===== Data excerpt =====

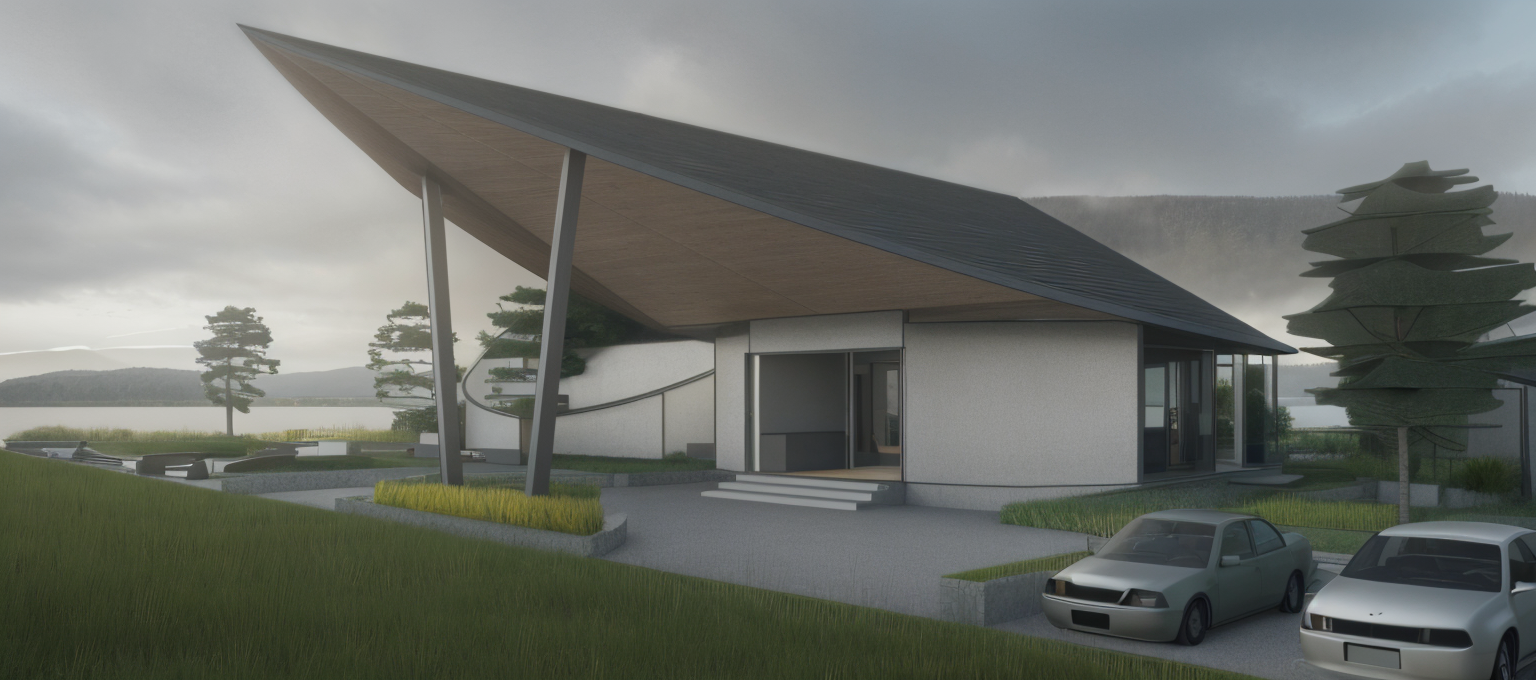 exterior shot realistic natural scene building in lake around with grass field roof shingle rood wood color add grass green color around roof light grey color realistic car brighter scene sunshine clear cloud building wood color architecture
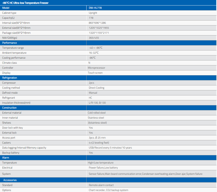 Meling -86°C HC ultra low temperature freezer DW-HL778 brings super updates in ultra low freezer series. The new structure of the deep freezer for laboratory and medical comes with 4 independent inner doors. The optimized foaming insulation inside the doors provides better temperature performance. This ultra low freezer/ lab freezer is specially designed to meet the demands for long-term and safe storage of the high-valued medical and laboratory materials.
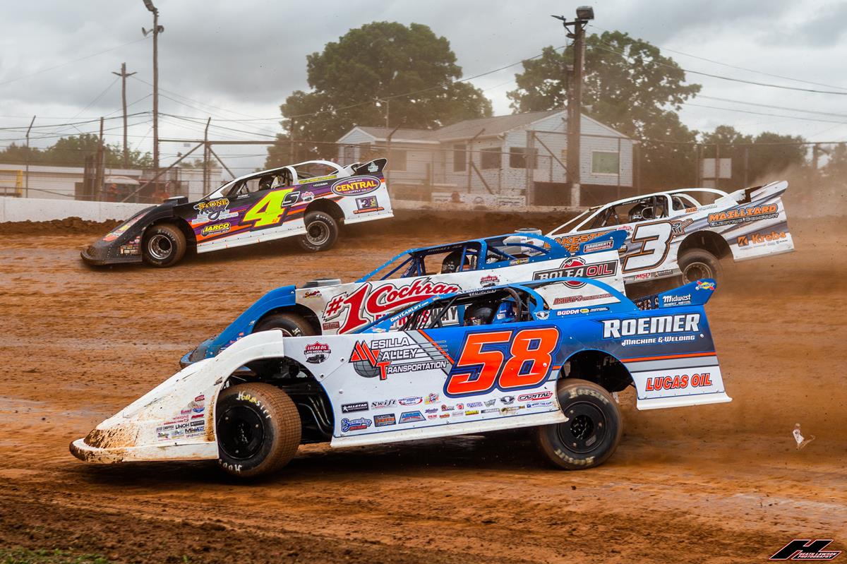 Starting 12th in his rain-delayed A-Main, Garrett gained five positions in the 25-lap affair to finish seventh.
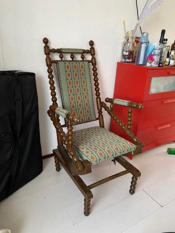 Mooie oude deense schommelstoel, een van de veren is gebroken, maar dat valt denk ik wel te repareren! Er moet misschien ook wat nieuwe lijm in het connectiepunt van de leuning. Een projectje, maar da

=====

Required work. Please repeat each line above exactly as it appears, but omit the pictures.

Reply.
 exterior shot realistic natural scene building in lake around with grass field roof shingle rood wood color add grass green color around roof light grey color realistic car brighter scene sunshine clear cloud building wood color architecture
 Meling -86°C HC ultra low temperature freezer DW-HL778 brings super updates in ultra low freezer series. The new structure of the deep freezer for laboratory and medical comes with 4 independent inner doors. The optimized foaming insulation inside the doors provides better temperature performance. This ultra low freezer/ lab freezer is specially designed to meet the demands for long-term and safe storage of the high-valued medical and laboratory materials.
 Starting 12th in his rain-delayed A-Main, Garrett gained five positions in the 25-lap affair to finish seventh.
 Mooie oude deense schommelstoel, een van de veren is gebroken, maar dat valt denk ik wel te repareren! Er moet misschien ook wat nieuwe lijm in het connectiepunt van de leuning. Een projectje, maar da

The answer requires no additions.